There’s an admirable restraint to their dreampop sound too – a feedback loop ensued at one point after Dawson pointed the mic for another big chorus moment, and guitarist Sean O’Dowd was quick to wheel the mic-stand around to cut it out.
No self-indulgent trashing wig-outs here, even if the rare moments where Dawson let exuberance take over with a screamed vocal were a thrill. At times though, it meant that the set’s quieter moments simply didn’t land over the amped-up crowd.
Further singalongs to ‘I Don’t Recognise You’, ‘Cry’ and new single ‘Ladybird’ absolutely lifted the room – absolutely no worries about Galway taking the band to their hearts.
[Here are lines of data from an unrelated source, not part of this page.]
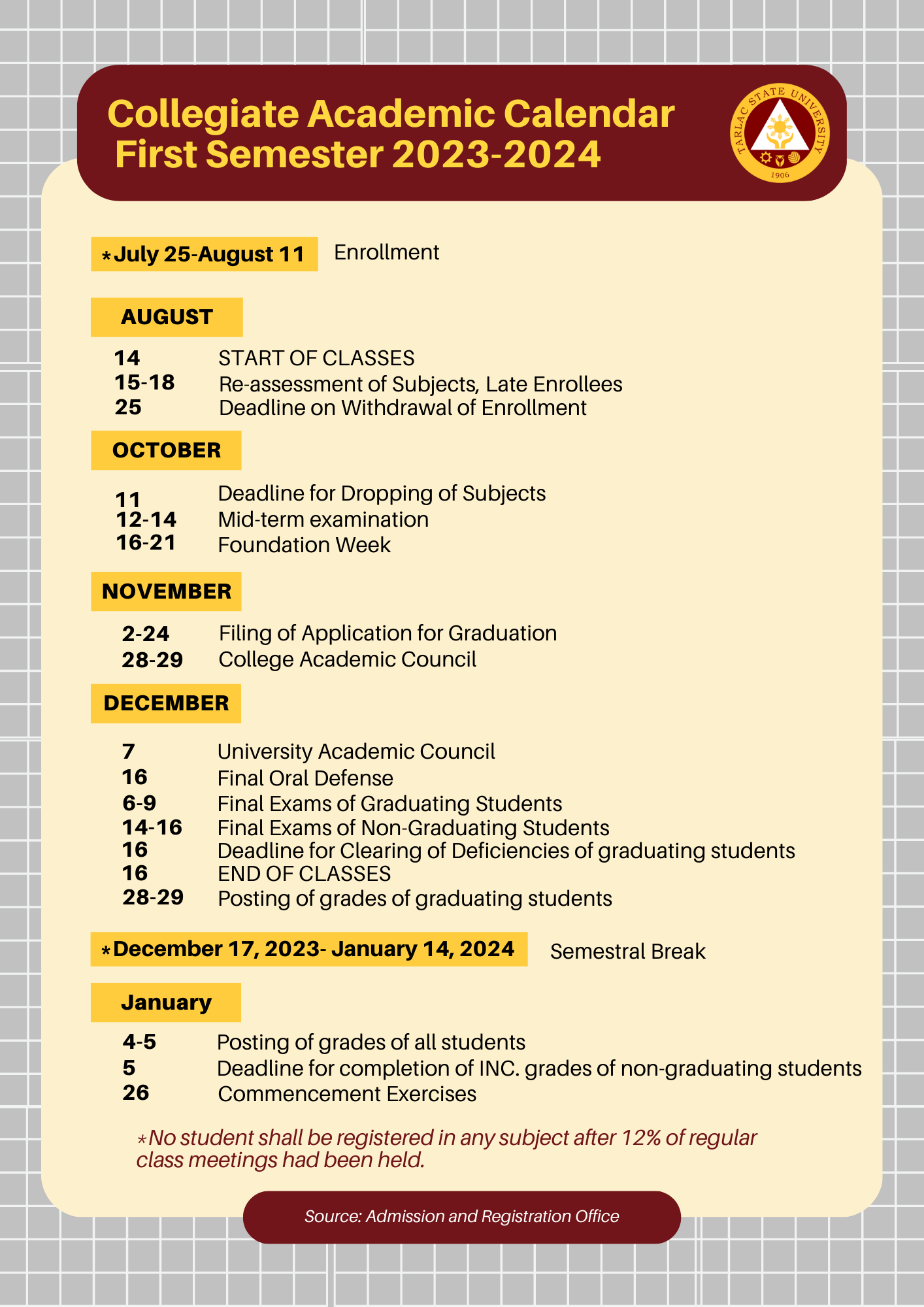 Other details are available on the uploaded social media card. The collegiate academic calendar for the upcoming 1st semester is also attached for everyone's reference.
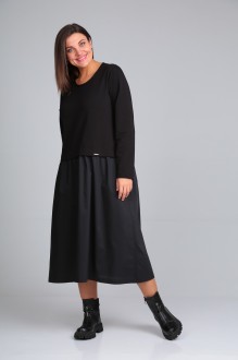 Женское платье полуприлегающего в области талии силуэта и расширенное к низу. Платье выполнено на сочетании материалов: однотонной ткани костюмно-плательного ассортимента и шифона. Из однотона выполнены рукава, лиф платья и баска, таким образом создается имитация жакета и юбки. Вырез горловины округлый, декорирован съемным шарфом. Шарф выполнен из шифона и продевается сквозь широкую пату возле горловины. Юбка также выполнена из шифона, есть нижняя юбка из подкладочной ткани. Рукав втачной с разрезом по низу. Спинка со средним швом, в котором расположена застежка на потайную тесьму-молнию. Дополнительным декором служат пришитые на баске в два ряда пуговицы и съемная брошь. Длина рукава 44 см. Длина платья по спинке 113 см.
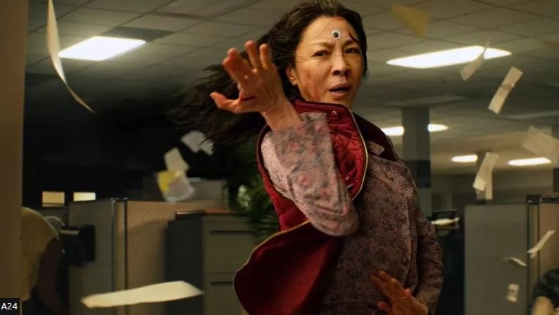 Όταν ο χαρακτήρας της χρειάζεται να αφομοιώσει τις πολεμικές τέχνες στο Everything Everywhere All At Once, χρησιμοποιεί μια κινηματογραφική εκδοχή της Evelyn, της οποίας η καριέρα βασίζεται στην ίδια την Yeoh.
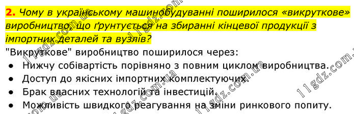 2. Чому в українському машинобудуванні поширилося «викруткове» виробництво, що ґрунтується на збиранні кінцевої продукції з імпортних деталей та вузлів? "Викруткове" виробництво поширилося через: ● Нижчу собівартість порівняно з повним циклом виробництва. ● Доступ до якісних імпортних комплектуючих. ● Брак власних технологій та інвестицій. ● Можливість швидкого реагування на зміни ринкового попиту.
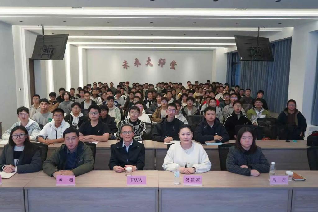 Fwa Tien Fang强调,作为未来交通学子,一定要面向未来、挑战未来、主导未来,要勇于探索未知领域,迎接新时代的挑战。在新时代,数字化、信息化与人工智能已成为至关重要的科研阵地,每一位学生要积极提高自身的创新能力和应变能力。随后,他通过讲述生成式大语言模型、人形机器人、无人机等新兴行业领军人物的事迹,呼吁同学们要在吃苦中磨练本领,在实践中增长才干,要用仔细谨慎的科研思维来实现天马行空的宏图伟业,在科技强国的壮阔之路上展现青春力量。
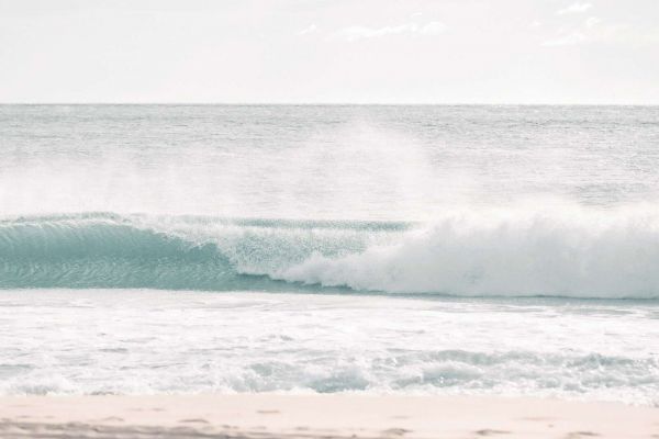 Una fresca onda si infrange sulla spiaggia, catturata in un delicato turchese e bianco brillante. L'atmosfera leggera e soleggiata trasmette calma e apertura estiva.
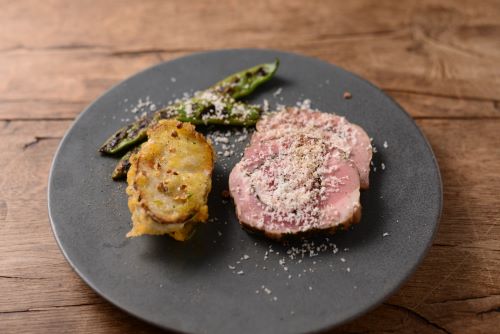 低音でじっくり火をいれたイタリア伝統の焼きハム。
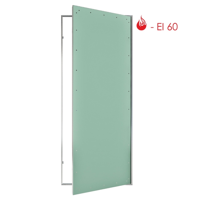В исполнении с сертифицированным пределом огнестойкости EIS60 по притвору проклеивают термоактивную ленту, в створке прокладывают базальтовую плиту с подшивкой огнестойким гипсокартоном.
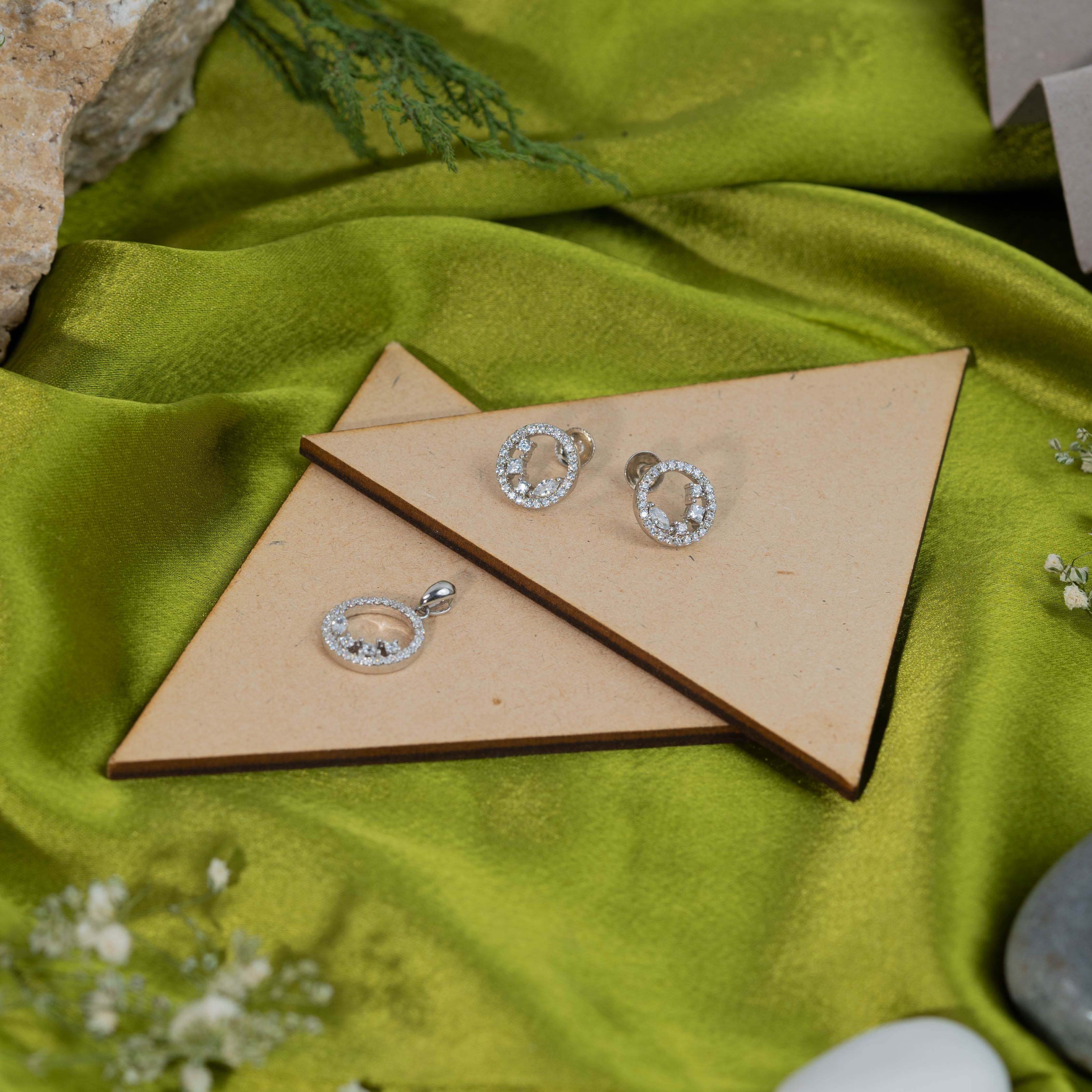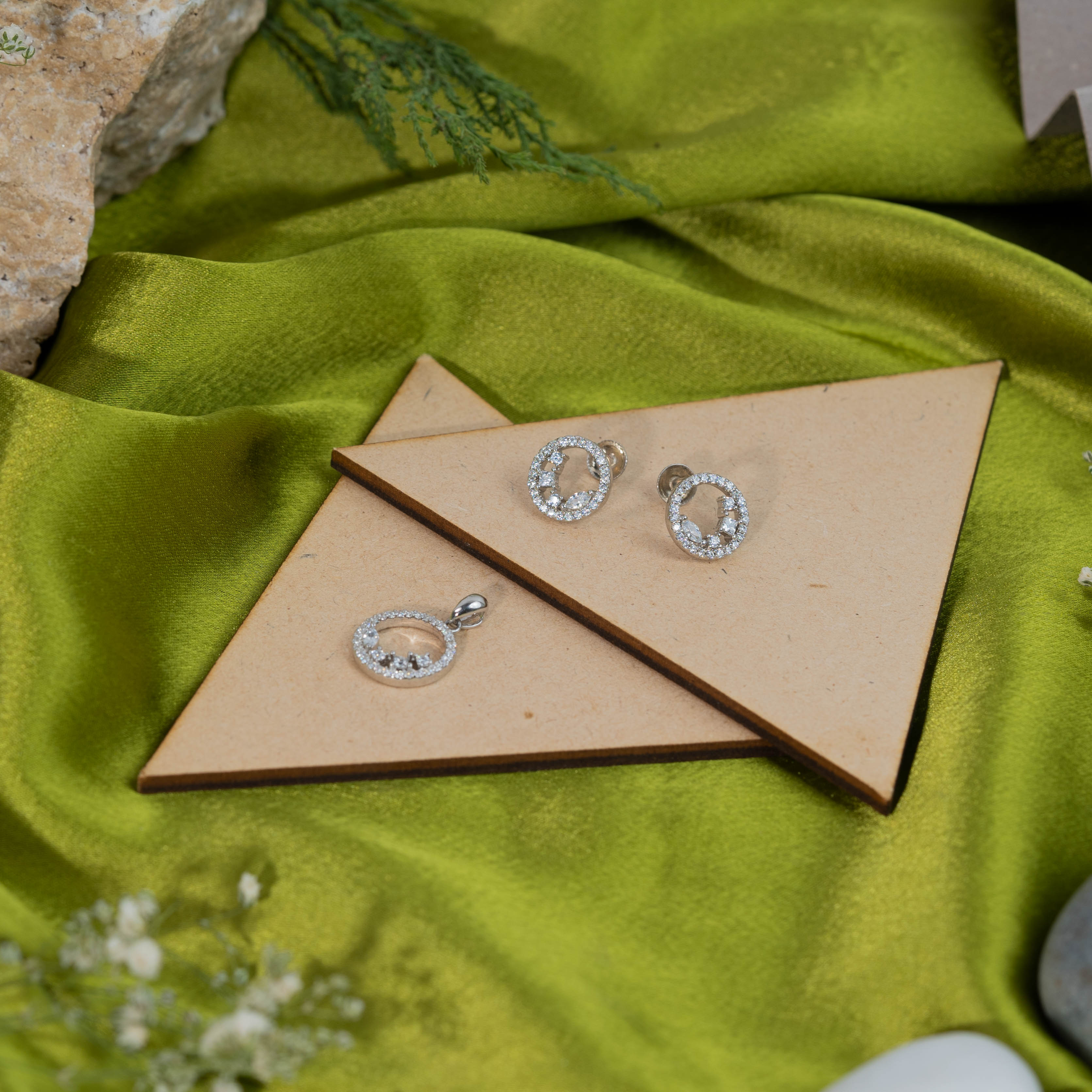 Pendant Earrings Set Sliver (2B)

Real cheers too – no astroturfed, PR-driven enthusiasm. A triumphant hometown return – before they ever left.
In a mid-lockdown interview earlier this year, drummer Fiachra Parslow told the NME: “We play Minecraft with a Hungarian fan every single day – he’s heard songs that aren’t even out yet.”
Galway will look on in pride as NewDad take those songs to Budapest and beyond in the very near future.